** Opening Supplied records block **

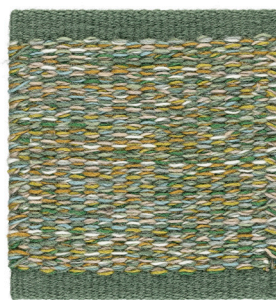
Summer Breeze 302
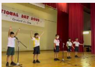
P1: Speech & Drama Performance

In line with Mother Tongue Language Fortnight, we organized various engaging activities for the pupils. Through these activities, pupils were able to learn and use Chinese Language actively, while showcasing their talents.
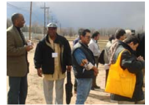
MD & CA Farmers at NIFI Conference in Las Cruces, NM
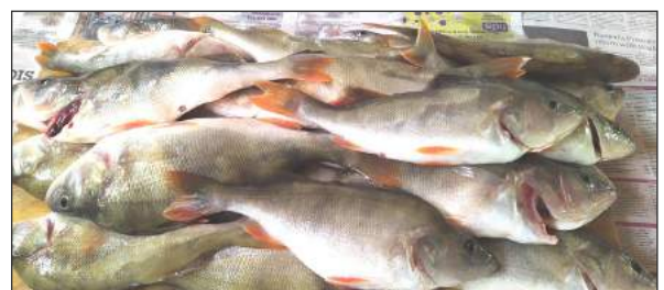
The English perch are still biting well at the weir
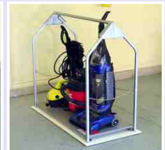
Pressure Washer, Vacuums
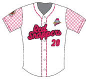
Red Snappers 1-0
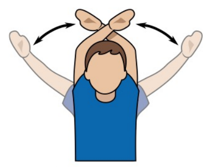
21. Play has stopped

Arms extended to side, hands closed in a fist
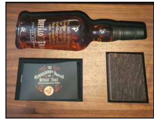
BS unit is doing a raffle for a bottle from the 6 millionth barrel of Buffalo Trace bourbon. Wood case case, Bottle, wood stave and booklet on the barrel is included. Tickets are $10 dollars each and only 300 are available. If anyone needs tickets they can contact Brandon Gould or Mike Spisak.
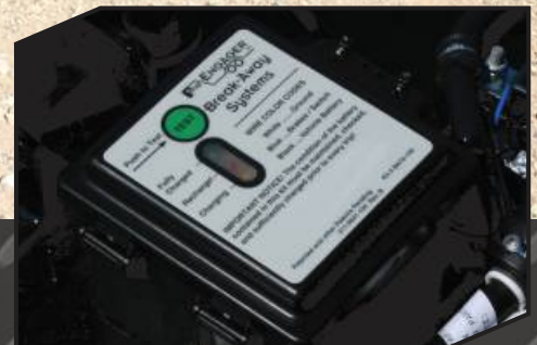
Sealed battery break-away system charges while plugged into the tow vehicle and can be checked at the press of a button.
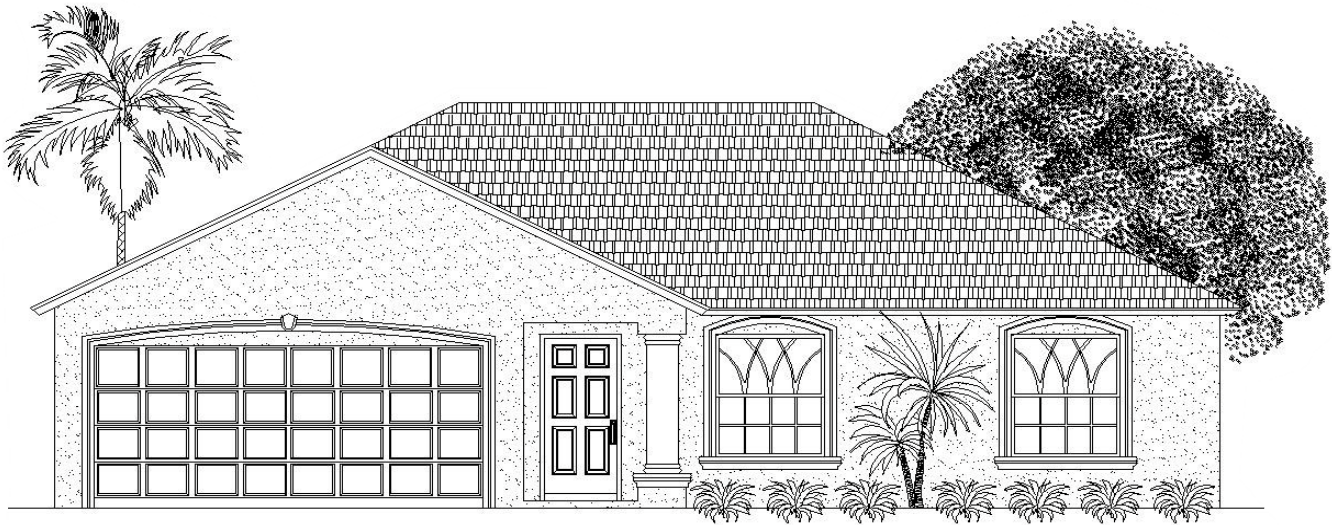
ELEVATION : A
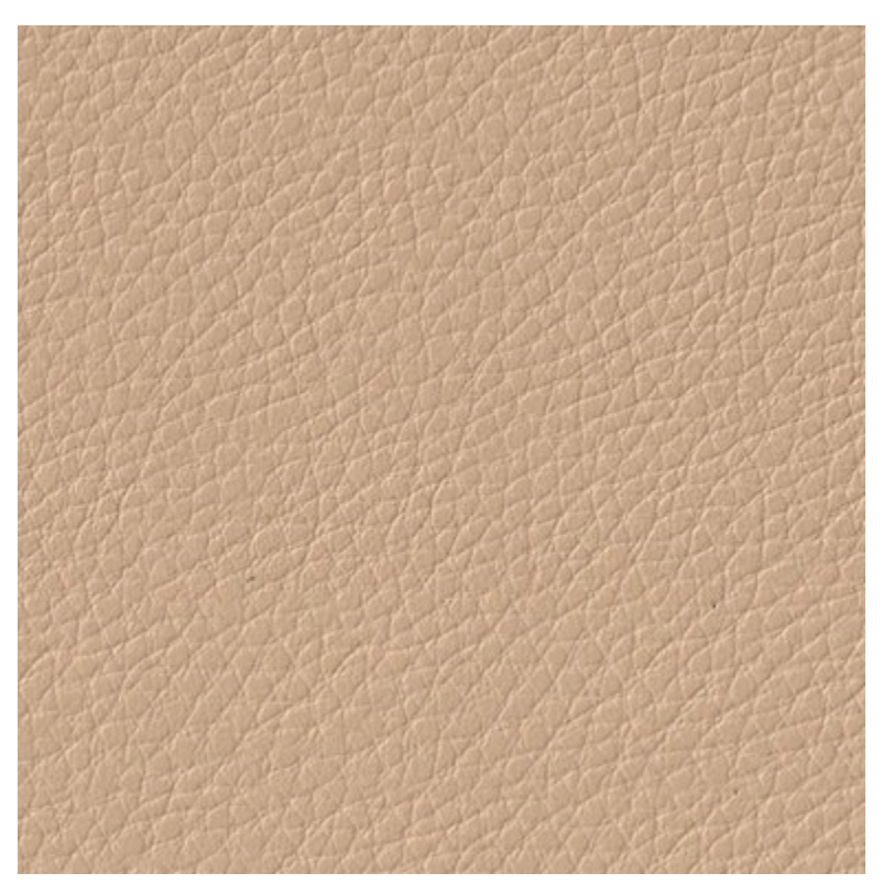
Close Up (Balsa, Prone Leather)
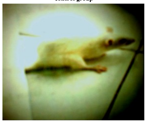
Fig I: Healthy Albino rat ( Rattus norvegicus )- from the control group
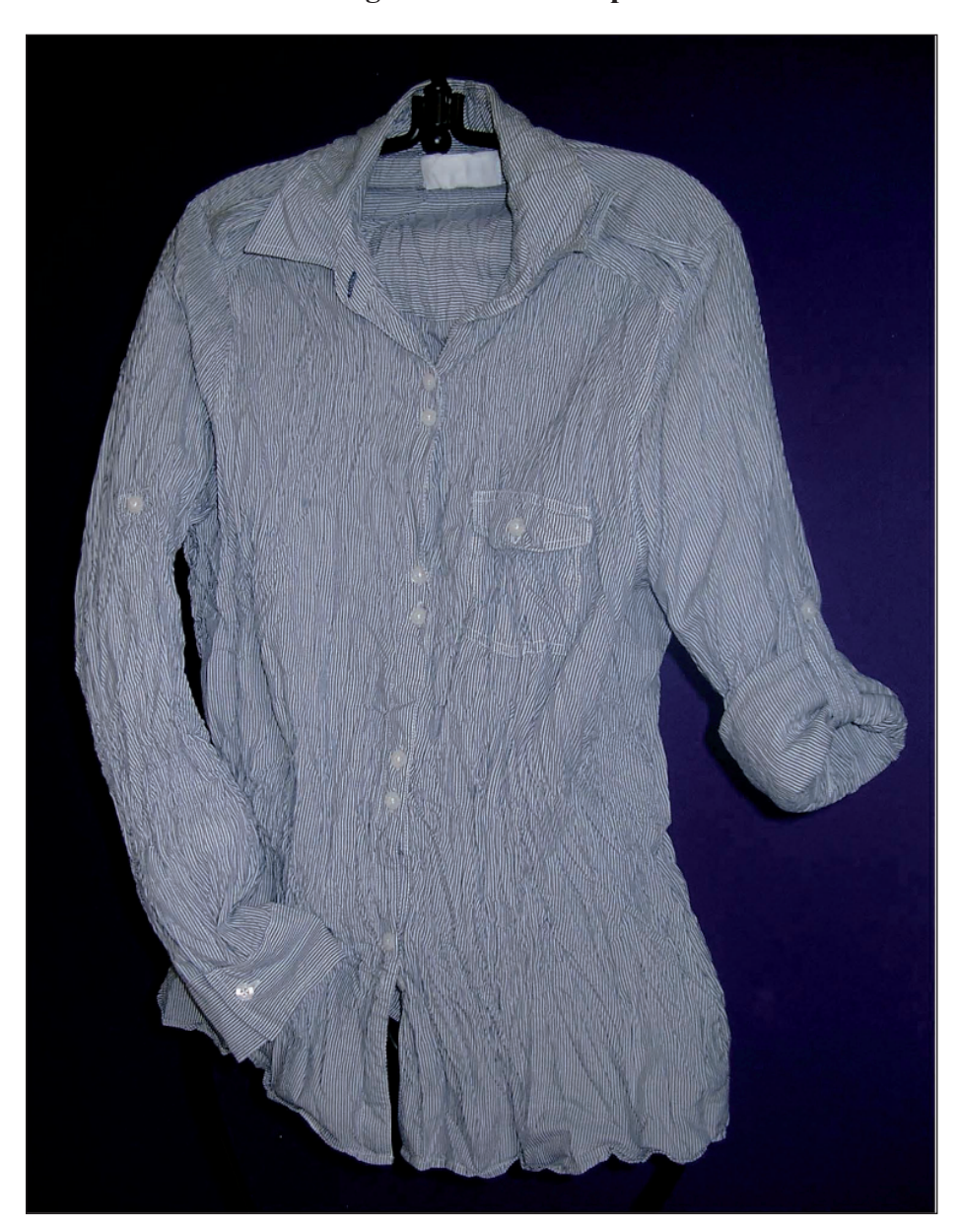
Figure 5 Fashion top

ACKNOWLEDGEMENT OF COPYRIGHT-HOLDERS AND PUBLISHERS

** Closing Supplied records block **

Aim of the exercise: Working through the records, find each line containing the word "from" and copy it.

Output:
BS unit is doing a raffle for a bottle from the 6 millionth barrel of Buffalo Trace bourbon. Wood case case, Bottle, wood stave and booklet on the barrel is included. Tickets are $10 dollars each and only 300 are available. If anyone needs tickets they can contact Brandon Gould or Mike Spisak.
Fig I: Healthy Albino rat ( Rattus norvegicus )- from the control group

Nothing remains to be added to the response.